I'm just using random numbers.


----------



## Irishslave (Jun 20, 2010)

Stick with total generic....no fancy stuff. Concentrate on kitchen, bathroom, and curb appeal this is what sells a house....the rest just clean up and generic...let the buyer customize the way they want. I've done a dozen at least, Depending on market margins are tighter than you think they are. Always inspect HVAC, roof, and sewer cam before buying


----------



## Frenchy93 (Mar 4, 2016)

Irishslave said:


> Stick with total generic....no fancy stuff. Concentrate on kitchen, bathroom, and curb appeal this is what sells a house....the rest just clean up and generic...let the buyer customize the way they want. I've done a dozen at least, Depending on market margins are tighter than you think they are. Always inspect HVAC, roof, and sewer cam before buying


Thank you very much. I was pricing everything out and I'm hoping to go no higher than 30k. I need to figure out what to do for curb appeal though. I'm thinking a front door may be needed.


----------



## Frenchy93 (Mar 4, 2016)

Howdy all,
So I got the house on April 30th and have been getting done what I can. I decided to do a lot more rip out then originally intended as I found some mold issues, and wanted to open it up more

I have been getting the house fumigated but still having issues with the cockroaches. I don't think the company spraying is doing a proper job as I caught him not even entering the house the one time he came. (Orkin)

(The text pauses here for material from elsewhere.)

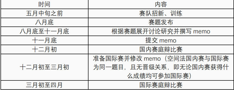 ⑤请注意:鉴于本届Jessup&空间法两项赛事将进行联合选拔,投递材料至邮箱即视为成功报名Jessup&空间法两项赛事的选拔,两项赛事后续将采用同一考核内容,最后将综合个人表现及意愿进入其中一个赛队。

I also ran into some serious wiring issue, copper to aluminum junctioned in the walls without boxes or proper marettes so there was loss of power to some outlets and little fires in the wall so I basically had to trace every feed and redo it. I pig tailed all outlets and switches. 

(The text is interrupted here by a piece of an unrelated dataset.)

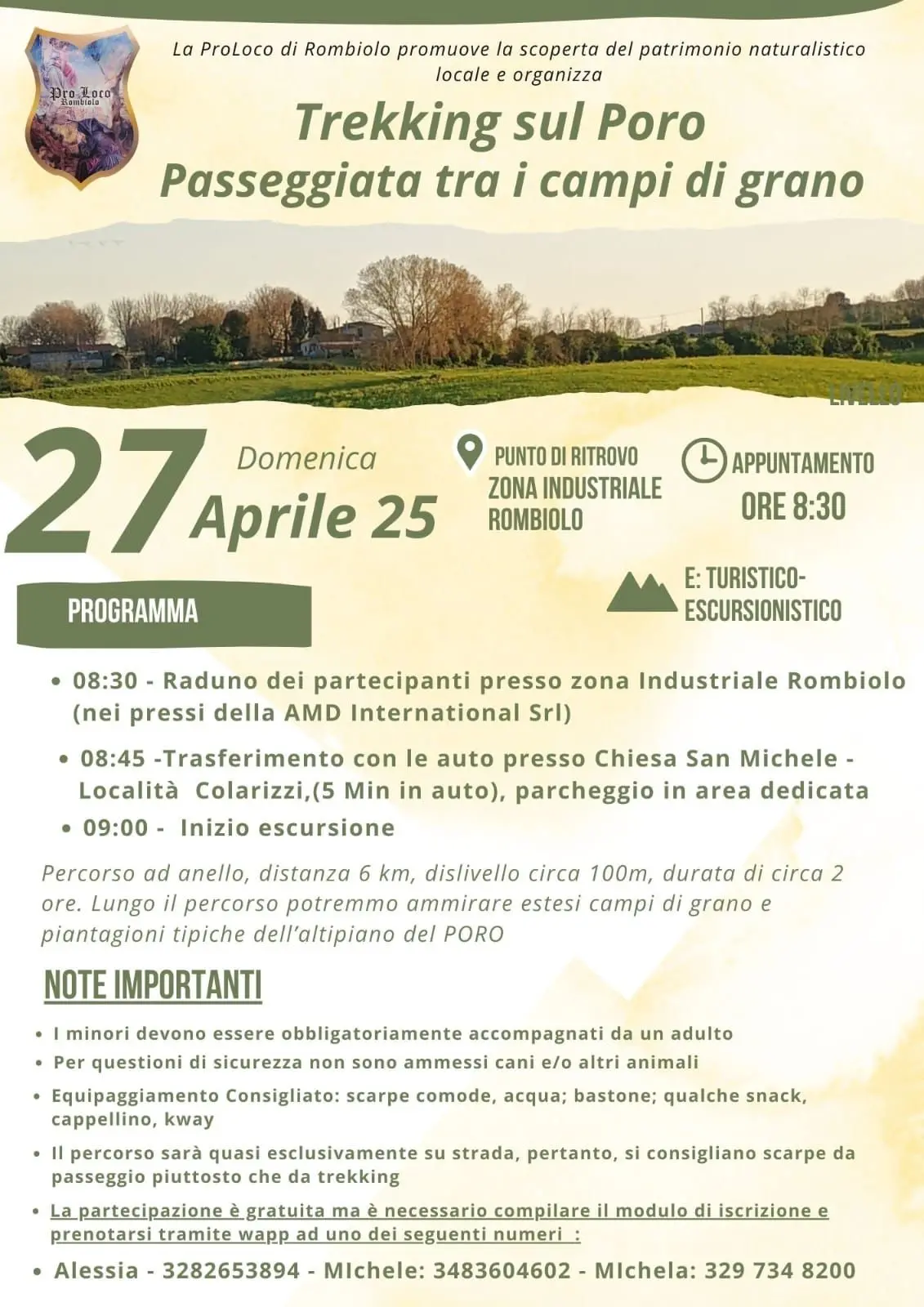 Tra l’altro, in piena sintonia con gli obiettivi prefissati dalla stessa presidente della locale Pro Loco, Alessia Gerace, e dai suoi più stretti collaboratori, che sono proprio quelli di promuovere il turismo lento e sostenibile, offrendo esperienze autentiche di immersione nella natura, a misura d’uomo e lontane dal ritmo fenetico che contraddistingue al mondo d’oggi la vita di tutti i giorni. Il percorso “Trekking sul Poro. Passeggiata tra i campi di grano” è caratterizzato da un dislivello complessivo di circa 100 metri.

So far I have done everything myself except taping so far, so work is going a little slower as I have to finish my regular 7:30-5 job before I can get there.


----------



## madmax718 (Dec 7, 2012)

You may not be a pro, but your certainly getting there.

You do not need appliances to sell a place. In fact, its probably better to sell *without* appliances so that the buyer can customize the appliances they want- and they would end up with a with a full warranty.

As far as flooring goes, theres different grade of flooring, even when you consider hard wood. If your doing traditional oak, theres a few grades- the lower the grade the more "knots" it has. 

If your selling as a "rental" then it doesnt matter as much. But if your selling for a homeowner to move in, the demands are generally higher, but not at the tune of 7k higher. Check your local flooring yard for old stock- you can sometimes find some interesting stuff for cheap.


----------



## Frenchy93 (Mar 4, 2016)

madmax718 said:


> You may not be a pro, but your certainly getting there.
> 
> You do not need appliances to sell a place. In fact, its probably better to sell *without* appliances so that the buyer can customize the appliances they want- and they would end up with a with a full warranty.
> 
> ...


Appreciate it! 

I am really tired of doing the work myself, I told myself I'd never do it again after my first one (that im renting out) but with this being my first attempt to "flip" I don't want to end up burying myself in paying for labour until I get a feel for the market and how much profit I'll make.


----------



## KAP (Feb 19, 2011)

Frenchy93 said:


> Appreciate it!
> 
> *I am really tired of doing the work myself,* I told myself I'd never do it again after my first one (that im renting out) but with this being my first attempt to "flip" I don't want to end up burying myself in paying for labour until I get a feel for the market and how much profit I'll make.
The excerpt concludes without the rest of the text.